Records to process »
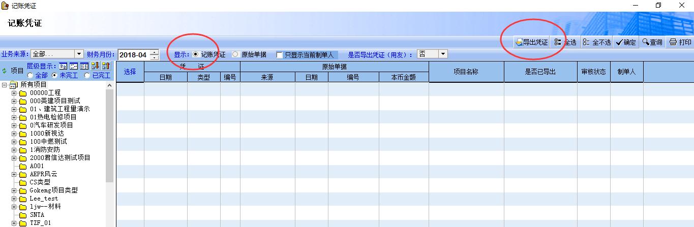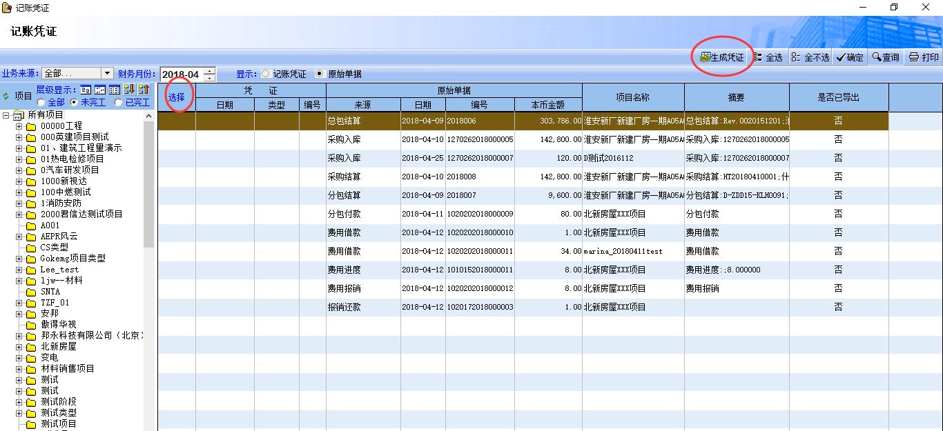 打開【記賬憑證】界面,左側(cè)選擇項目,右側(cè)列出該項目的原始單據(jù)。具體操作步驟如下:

* * *

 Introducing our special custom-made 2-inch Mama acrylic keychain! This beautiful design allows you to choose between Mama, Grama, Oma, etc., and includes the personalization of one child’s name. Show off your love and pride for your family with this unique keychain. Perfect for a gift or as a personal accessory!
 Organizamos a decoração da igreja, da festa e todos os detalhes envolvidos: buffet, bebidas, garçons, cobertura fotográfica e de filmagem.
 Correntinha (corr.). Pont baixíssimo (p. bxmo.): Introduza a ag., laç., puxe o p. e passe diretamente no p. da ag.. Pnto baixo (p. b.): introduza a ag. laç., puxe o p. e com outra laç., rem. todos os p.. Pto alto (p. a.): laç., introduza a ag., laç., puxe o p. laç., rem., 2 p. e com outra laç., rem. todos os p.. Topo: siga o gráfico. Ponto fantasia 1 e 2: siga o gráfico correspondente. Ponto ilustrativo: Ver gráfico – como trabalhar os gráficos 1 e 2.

Assignment » Which lines in the material above include the string "todos"? Pull them out.

Completed task »
 Organizamos a decoração da igreja, da festa e todos os detalhes envolvidos: buffet, bebidas, garçons, cobertura fotográfica e de filmagem.
 Correntinha (corr.). Pont baixíssimo (p. bxmo.): Introduza a ag., laç., puxe o p. e passe diretamente no p. da ag.. Pnto baixo (p. b.): introduza a ag. laç., puxe o p. e com outra laç., rem. todos os p.. Pto alto (p. a.): laç., introduza a ag., laç., puxe o p. laç., rem., 2 p. e com outra laç., rem. todos os p.. Topo: siga o gráfico. Ponto fantasia 1 e 2: siga o gráfico correspondente. Ponto ilustrativo: Ver gráfico – como trabalhar os gráficos 1 e 2.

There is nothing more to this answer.